Health Check Endpoints

Brokkr provides comprehensive health check endpoints for both the broker and agent components. These endpoints follow a three-tier pattern designed for different use cases: simple liveness checks, readiness validation, and detailed health diagnostics.

Three-Tier Health Check Pattern

Brokkr implements a three-tier health check system:

/healthz - Liveness probe: Simple check that the process is alive
/readyz - Readiness probe: Validates that the service is ready to accept traffic
/health - Detailed diagnostics: Comprehensive JSON status for monitoring and debugging

This pattern aligns with Kubernetes best practices and provides appropriate checks for different operational needs.

Broker Health Endpoints

The broker exposes health check endpoints on port 3000.

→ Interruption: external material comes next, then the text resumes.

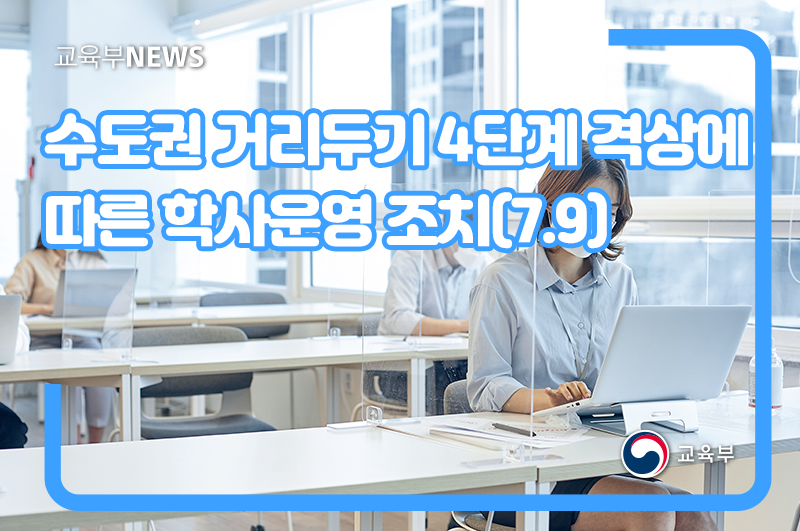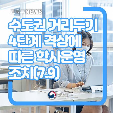 교육부(부총리 겸 교육부 장관 유은혜)는 7월 9일(금)에 열린 중앙재난안전대책본부(이하 중대본)에서 수도권 지역의 거리두기 개편안 4단계 격상을 결정함에 따라 학교의 학사일정도 조정하기로 하였다.
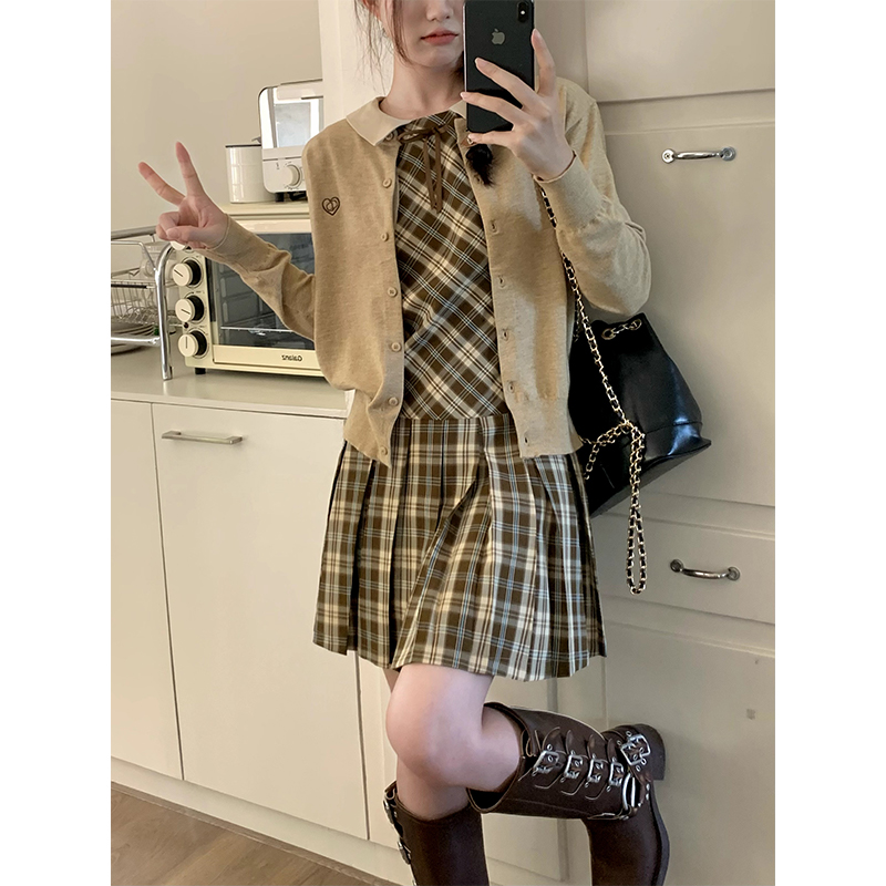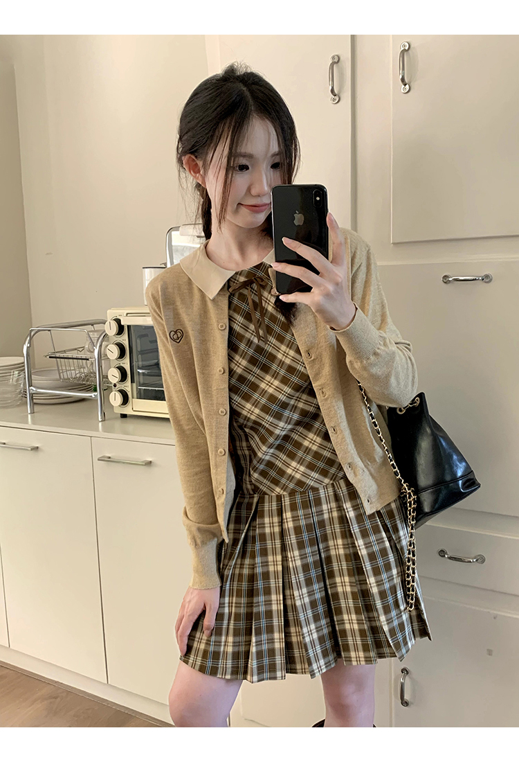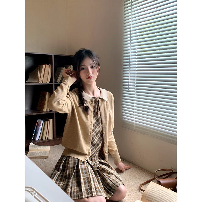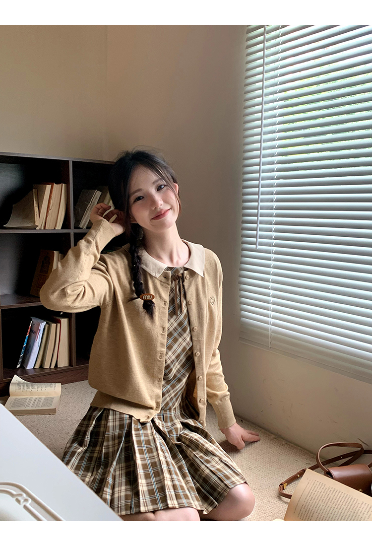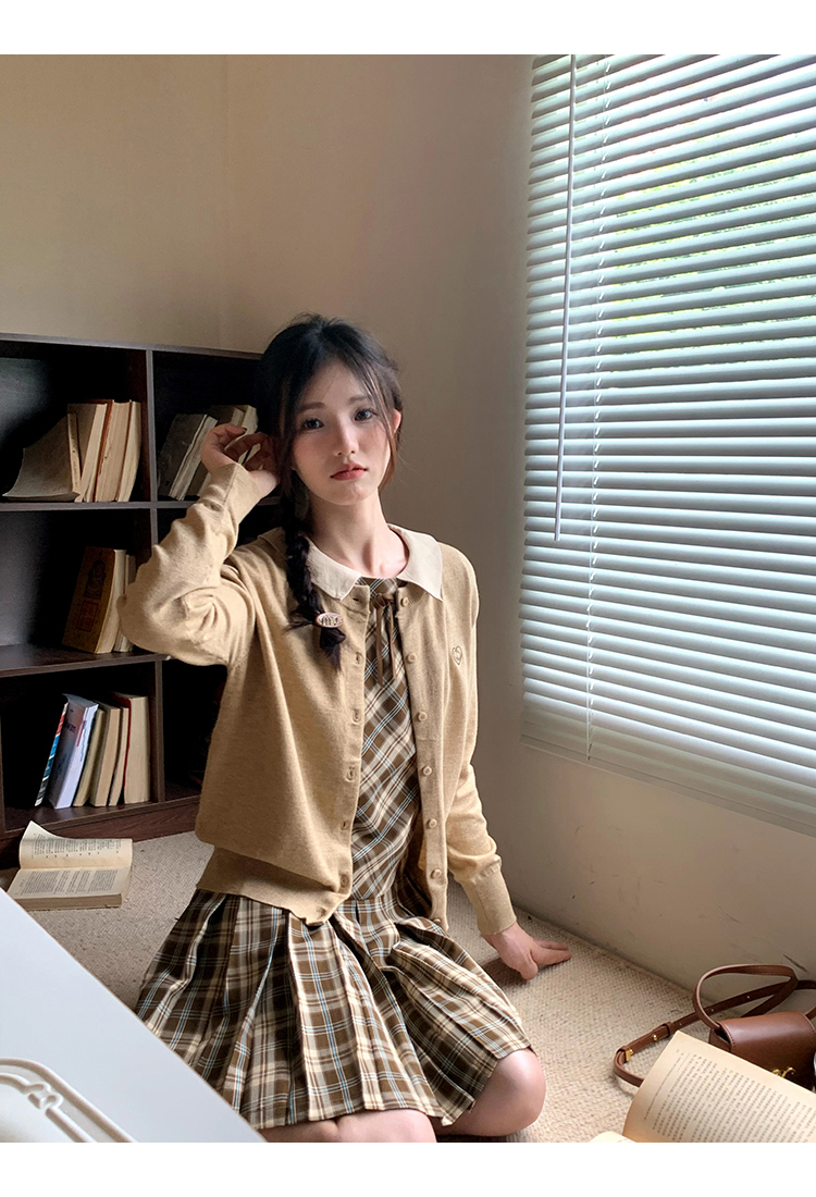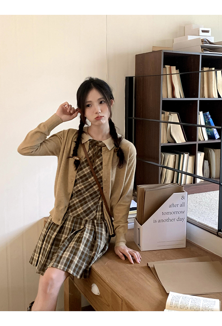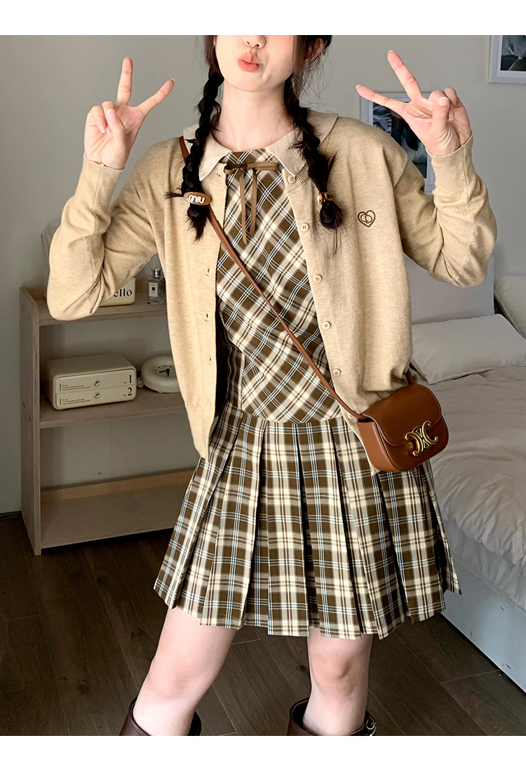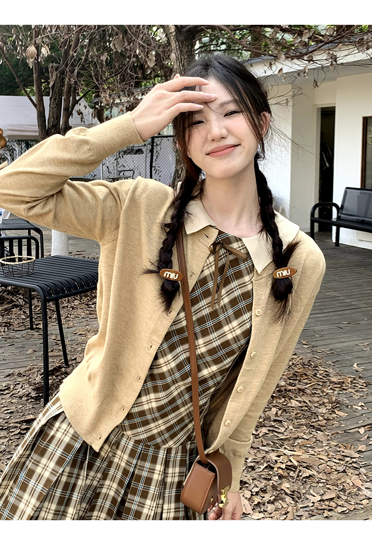 cozydays「霍格沃茨」秋冬季多巴胺格紋無袖洋裝翻領設計感小眾

`/healthz` - Liveness Probe

Purpose: Verify that the broker process is alive and responding to requests.

Details:

URL: http://<broker-host>:3000/healthz
Method: GET
Response: 200 OK with plain text body "OK"
Checks: None (process must be alive to respond)
Use case: Kubernetes livenessProbe to restart failed containers

Example Request:

curl http://brokkr-broker:3000/healthz

Example Response:

OK

Failure Scenarios:

Process crashed or hung: No response (Kubernetes will restart container)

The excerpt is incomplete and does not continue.